When I opened an email from my Cycle-Smart coach, the awesome Alec Donahue, about a day of skills training we were planning, I laughed out loud. This is not because the schedule looked ridiculously hard, or, on the flip side, too easy. This is because after he signed off, he added “P.S. There will be blood.”
Rather than be scared, I thought it was awesome. Clearly, Al knows what makes me tick and what’s going to get me revved and ready to go hard. Because this is cyclocross. And even if there isn’t literally blood post-race, it feels like there is. In my case, I generally feel like my lungs are full of it. It’s a good feeling.

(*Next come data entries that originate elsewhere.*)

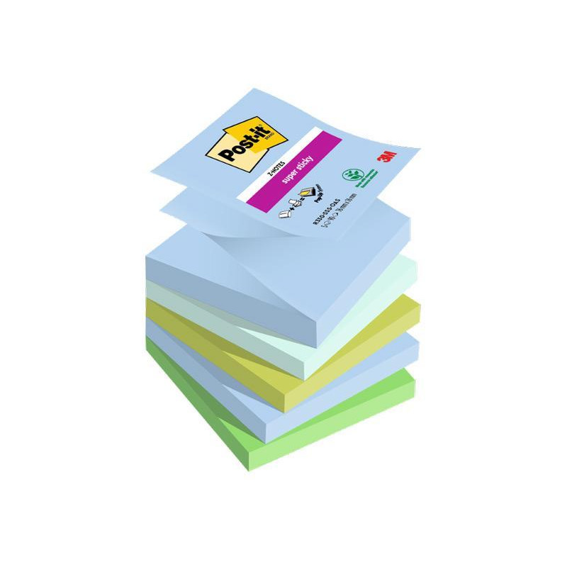 Las Z-Notas Post-it® Super Sticky permanecen pegadas más firmes y por mucho más tiempo que la mayoría de las notas adhesivas. Con formato de zigzag de despegue a mano, nuestras notas son perfectas para superficies verticales. Retira una nota con una mano mientras tienes la otra libre. Hacen tu trabajo efectivo y simplifican tu vida diaria. Son fuertes, versátiles y llamativas. Las Z-Notas Post-it® están fabricadas 100% con fibras de papel certificadas por PEFC. Al retirarlas no dejan residuos.
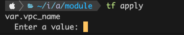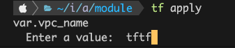 Apply를 실행해보자. 다음과 같이 변수 값을 받는다. 이는 vpc_name의 기본값을 설정해주지 않았기 때문이다.
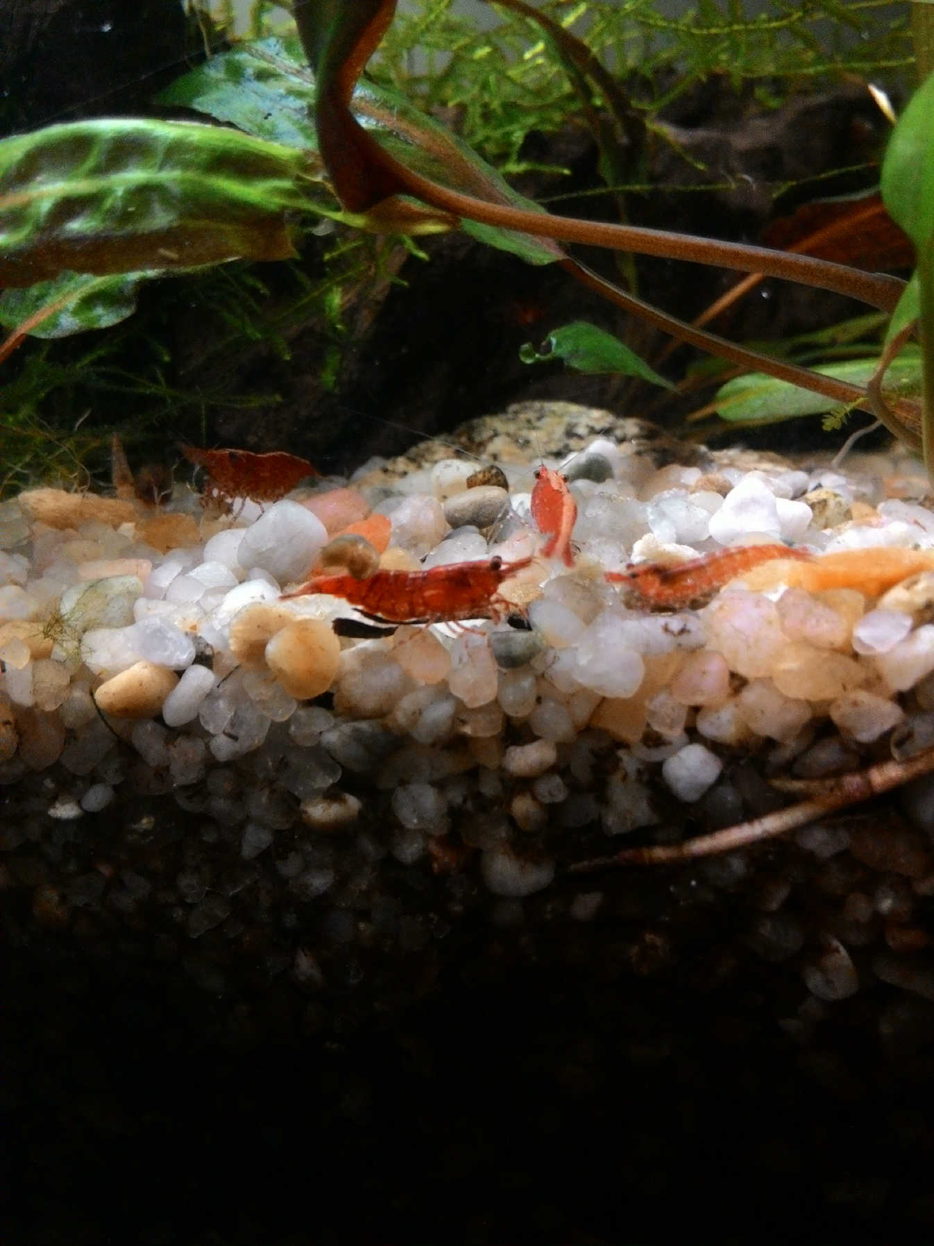 na moje prekvapenie sa vsak predsa len nieco zmenilo (oproti stavu pred mesiacom) - mam minimalne 2 varky mladych ... bola strasne dlha odmlka a je to dost zarastene, avsak dnes pri odkalovani som zbadal, ze som nieco nacucol a nakoniec to bolo 6 mini krevetiek a pri podrobnejsom skumani akva som zistil, ze tam su uz aj pekne cervene mlade

This past weekend, we had a true Beligum-style cyclocross weekend of freezing temperatures, gusting winds, sleet and five inches of snow. In New Jersey. In October. Beacon and HPCX, two notoriously dry and fast races (perfect for me!) were this past weekend, and unlike the sunny skies that greeted racers at Zonhoven in Belgium, we were treated to real ’cross weather.
There will be blood.
There will also be mud, and lots of it, this season. From the peanut butter mud at Downeast in Maine last weekend to the foot-deep puddles at Beacon and the slip-and-slide that was HPCX, it’s been a brutal season. Us cyclocrossers like to pretend that we love the cold. When it’s hot at a race, you hear plenty of us bemoaning the temperatures and saying we can’t wait for cyclocross weather. But you know what?
The cold sucks.
And sure, now that it’s over, “it was the most epic amazing weekend ever!” But during the race (and in particular, after the race), it was miserable. But that’s cyclocross, and we love it.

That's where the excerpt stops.